An estimated 90% of our vitamin D requirements comes from sunlight, which does present a little problem for those of us residing in the UK. This fact goes some way in explaining why deficiency rates of vitamin D are

high in the UK. With the increased awareness of skin cancer, people are now more proactive in their sun cream usage especially with children. This of course is vital and necessary, but is not great if used excessively or for just small ten minute outings as it stops vitamin D production. A small amount of sun exposure without sun cream protection is OK, but make sure you cover up and use sun cream before you turn red or begin to burn.

British winters are particularly problematic due to reduced sunlight and the fact that between October and April time, the sunlight we do get is of the wrong wavelength to actually create vitamin D in the skin. This is why vitamin D deficiency increases during the winter months, especially in those already in the ‘at risk’ groups stated above.

Most other vitamins and minerals can be gained abundantly through the foods we eat, however this is sadly not the case when it comes to vitamin D. We are not able to get all of the vitamin D we need from food sources alone, which is why some sun exposure or even supplementation may be necessary. However knowing which foods are good sources of vitamin D and increasing these in your diet will definitely help. Here are the top four for you to add to your shopping basket:

  • Eggs. Vitamin D in eggs is found only in the yolks so make sure you eat the entire egg!
  • Oily fish such as salmon, herring, mackerel, sardines and trout. Wild fish has a higher source of vitamin D than farmed fish, however, unfortunately it is farmed fish that is most commonly sold in the UK, but do keep a look out for wild varieties as it is available and far tastier too!
  • Portobello mushrooms. Only mushrooms which are exposed to sunlight when growing are good sources of Vitamin D and Portobello ones are the highest vitamin D source in the mushroom world.
  • Fortified Foods. These include milk, some cereals, yogurts, soya products, cheese and spreads which often have vitamin D added to them. However the amounts of vitamin D present in these types of products can vary.

Do we need to take a vitamin D supplement?

The Department of Health currently advises that some specific at risk groups should take a vitamin D supplement. They currently recommend that all those aged 65 or over, pregnant and breastfeeding women and those people who get minimal or no sun exposure should take a daily dose of 10 micrograms of vitamin D. Babies and young children aged 6 months to five years should also be taking vitamin D in supplement form (vitamin D drops), with recommended dosage for this age group being 7-8.5 micrograms.

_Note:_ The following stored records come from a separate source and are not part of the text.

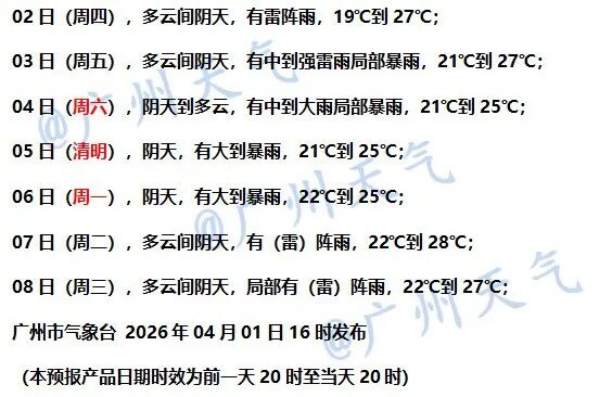 广州市气象台预计,4月2日广州有雷阵雨。4月3日—4日有中到大雨局部暴雨,并伴有短时强降水、8~10级局部11~12级短时大风、冰雹等强对流天气。4月5日—6日仍有明显降水伴强对流过程。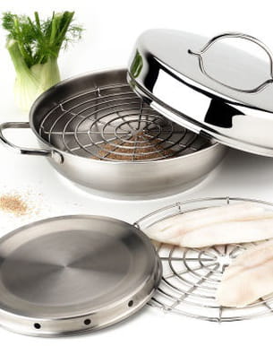 Poisson, viandes, fruits de mer, volailles : vous pourrez fumer tous les aliments grâce à ce fumoir constitué d'une poêle (28 cm) et d'une chambre de fumage. Polyvalent, il vous permettra aussi de cuire à la vapeur vos légumes puisqu'une grille prévue à cet effet est fournie. Pratique, il convient à tous les types de feu, induction incluse.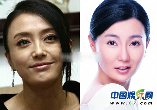 在張曼玉光輝的反射下,秦嵐的臉顯得滄桑無(wú)力,濃重的黑眼圈,法令紋老氣十足。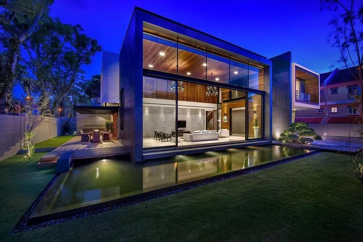 The architect team for this house decided to give the home an entirely new look with rustic elements. This was achieved through the use of warm, natural materials, such as wooden decking and swivelling wooden screens.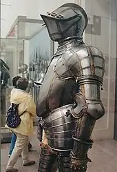 Sir James Scudamore left behind some of the finest surviving suits of armour from Elizabethan England, built at the royal Greenwich armoury. His tournament armour features a distinctive armet of the Greenwich style with a high visor and a raised crest; articulated tassets and cuisses, and cris-crossing strips of blued steel inlaid with elaborate gold designs. Another armour, in the later cuirassier style, features a burgonet with a falling-buffe visor and detailed gilding and etching. It is in this armour that he is shown in his portrait which now hangs at Holme Lacy. It is obvious from the painting that the armour was originally coloured a dark shade, and had been polished down to bare steel during its restoration. The pattern for this armour is identical to several others in the Jacob Album including William Compton, 1st Earl of Northampton. A portrait of Compton shows him wearing an armour of more or less identical appearance.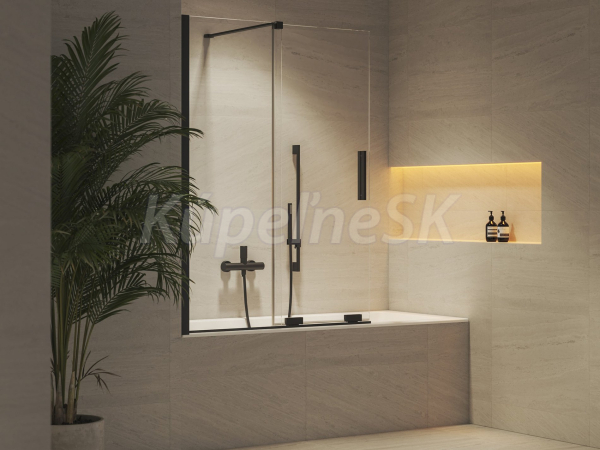 Dvojdielna posuvná vaňová zástena na obdĺžnikové vane. V čiernom prevedení as výplňou z číreho skla s ochrannou vrstvou Ravak AntiCalc. Otočiteľný výrobok pre ľavý aj pravý variant.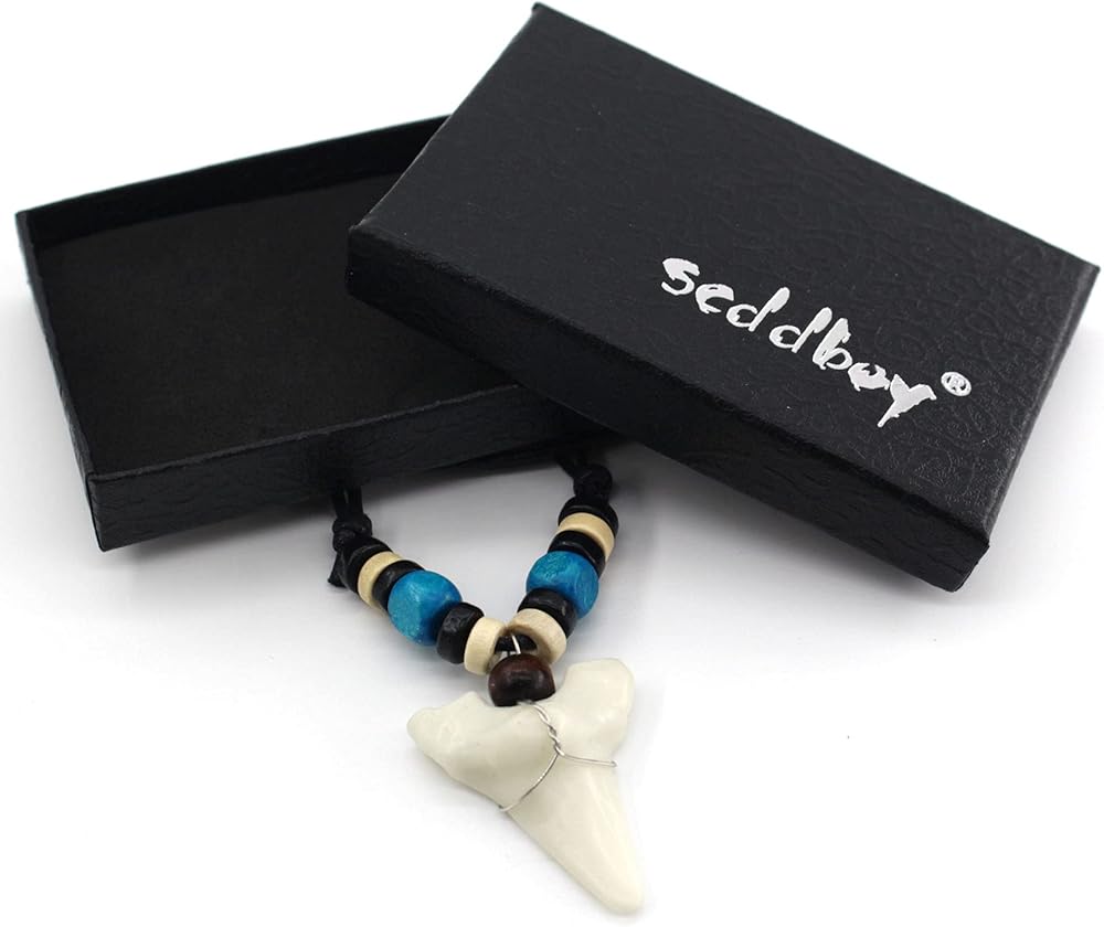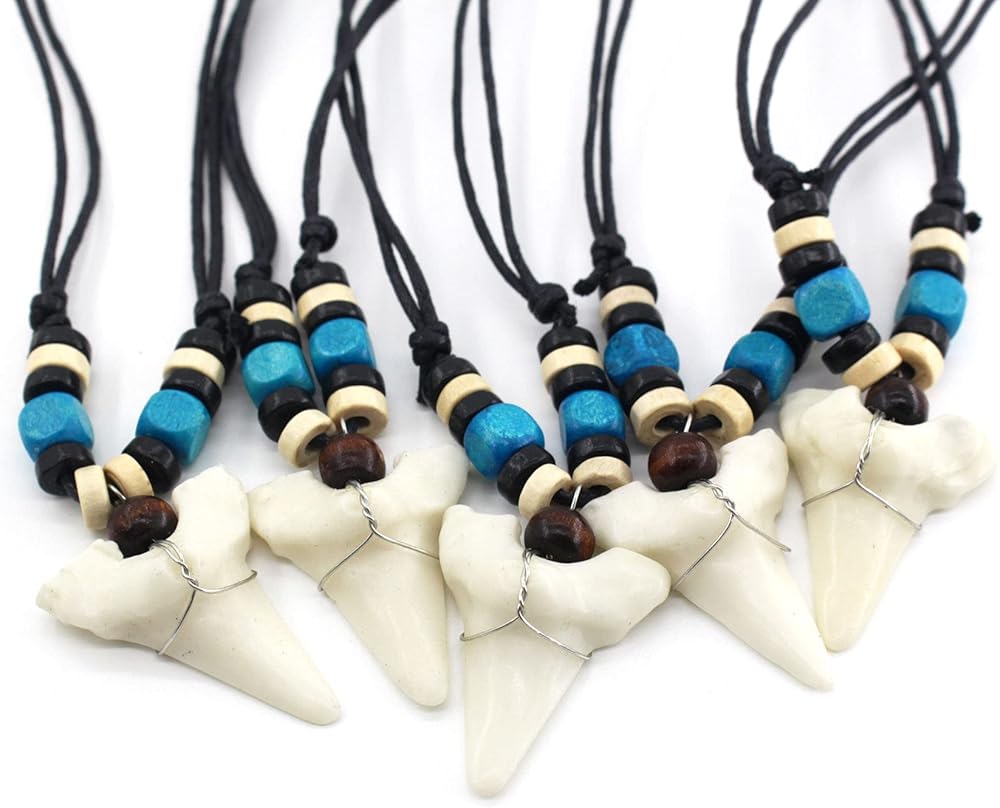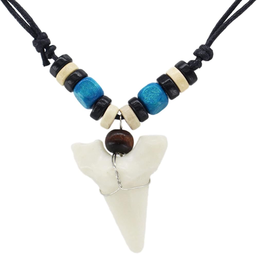 Scddboy Shark Tooth Necklace for Mens Beach Surfer Hawaiian Adjustable Cord Resin Necklace

There is however likely to be a change in these guidelines in the next year as they are currently being reviewed. It is very likely that new guidelines will be published advising that ALL UK residents should take a daily 10 microgram vitamin D supplement as a precaution.

We may not be able to change the weather, but we can start to be more proactive in ensuring we take steps to gradually increase our vitamin D levels. Knowing how important sunlight is to our body’s production of vitamin D may even help you justify booking that exotic sunny holiday during the coming winter months!!

NOTE: If you think you may be at risk of vitamin D deficiency then please contact your GP.